Abstract

Non-invasive tools including liver stiffness measurement (LSM) or FIB-4, assessed before or after direct acting antivirals (DAA), have been suggested to predict hepatocellular carcinoma (HCC). This study aims to compare predictability of HCC by these methods at different time points, to validate the HCC surveillance suggestion by guidelines, and to propose personalized strategy.
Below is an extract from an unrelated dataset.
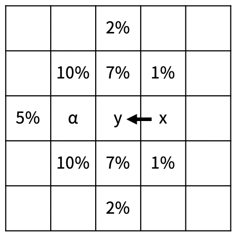 토네이도가 x에서 y로 이동하면, y의 모든 모래가 비율과 α가 적혀있는 칸으로 이동한다. 비율이 적혀있는 칸으로 이동하는 모래의 양은 y에 있는 모래의 해당 비율만큼이고, 계산에서 소수점 아래는 버린다. α로 이동하는 모래의 양은 비율이 적혀있는 칸으로 이동하지 않은 남은 모래의 양과 같다. 모래가 이미 있는 칸으로 모래가 이동하면, 모래의 양은 더해진다. 위의 그림은 토네이도가 왼쪽으로 이동할 때이고, 다른 방향으로 이동하는 경우는 위의 그림을 해당 방향으로 회전하면 된다.

Chronic hepatitis C whose LSM and FIB-4 were available at pretherapy and after sustained virological response (SVR) were enrolled. Advanced chronic liver disease (ACLD) was defined as pretherapy LSM ≥ 10kPa or FIB-4 index ≥ 3.25 or ultrasound signs of cirrhosis plus platelet count < 150,000/μL. The predictabilities were compared by area under ROC. The cumulative HCC incidences were calculated by Kaplan-Meier analysis. Among 466 ACLD patients, 40 patients developed HCC during a follow-up duration of 26.8months. Comparable predictive performances for HCC between LSM and FIB-4 at pretherapy and SVR were noted. By guidelines suggestion using pretherapy LSM = 10kPa (advanced fibrosis) and 13kPa (cirrhosis) for risk stratification, the annual HCC incidences of those with LSM of < 10, 10-12.9 and ≥ 13kPa were 1.1, 3.6, and 5.0%, respectively. Combination of baseline LSM < 12kPa and SVR FIB-4 < 3.7 could further stratify relatively low risk of HCC in ACLD patients of annal incidence of 1.2%. ACLD patients who met advanced fibrosis but not cirrhosis by guidelines' cut-offs still posed high risk of HCC. Baseline LSM with SVR FIB-4 can be applied to stratify low, intermediate, and high risk of HCC for personalizing surveillance strategies after SVR.